# iptables Router mit einer statt 2 Netzwerkkarten?

## jack32

Hi,

das letzte Problemchen an meinem Router wurde hier ja super gelöst.

Also komme ich mal mit dem nächsten.

Mein Router läuft im Moment mit ganz normal mit 2 Netzwerkkarten.

1x LAN 1x WAN

Nun möchte ich fürs routen vom DSL nurnoch eine Netzwerkkarte verwenden.

Also schließe ich das DSL Modem an den Switch an der an der Netzwerkkarte

auf LAN seite hängt. Änder in der /etc/conf.d/net die einstellung von

link_ppp0=( "eth0" ) auf die andere Netzwerkkarte und kann mich wunderbar

einwählen.

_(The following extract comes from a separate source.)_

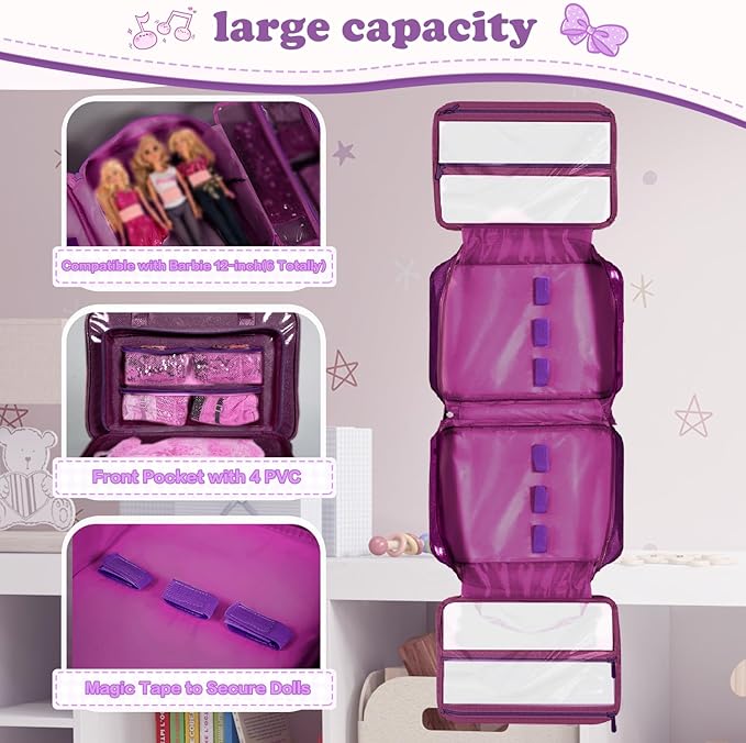 Carrying Case Compatible with Barbie Dolls 12-Inch, Storage Organizer with Handle Holds up to 6 Dolls,Multiple Pockets for Accessories,Toy Storage Box, lavender,Bag Only (purple)

Die kommunikation mit meinem Router klappt auch. Nur habe ich 

von LAN aus kein zugriff mehr aufs INET.

Die Einträge von iptables muss ich meiner Meinung nach überhaupt nicht ändern,

da br0 (Brücke auf der Netzwerkkarte am Switch) und ppp0 weiterhin gleich bleiben.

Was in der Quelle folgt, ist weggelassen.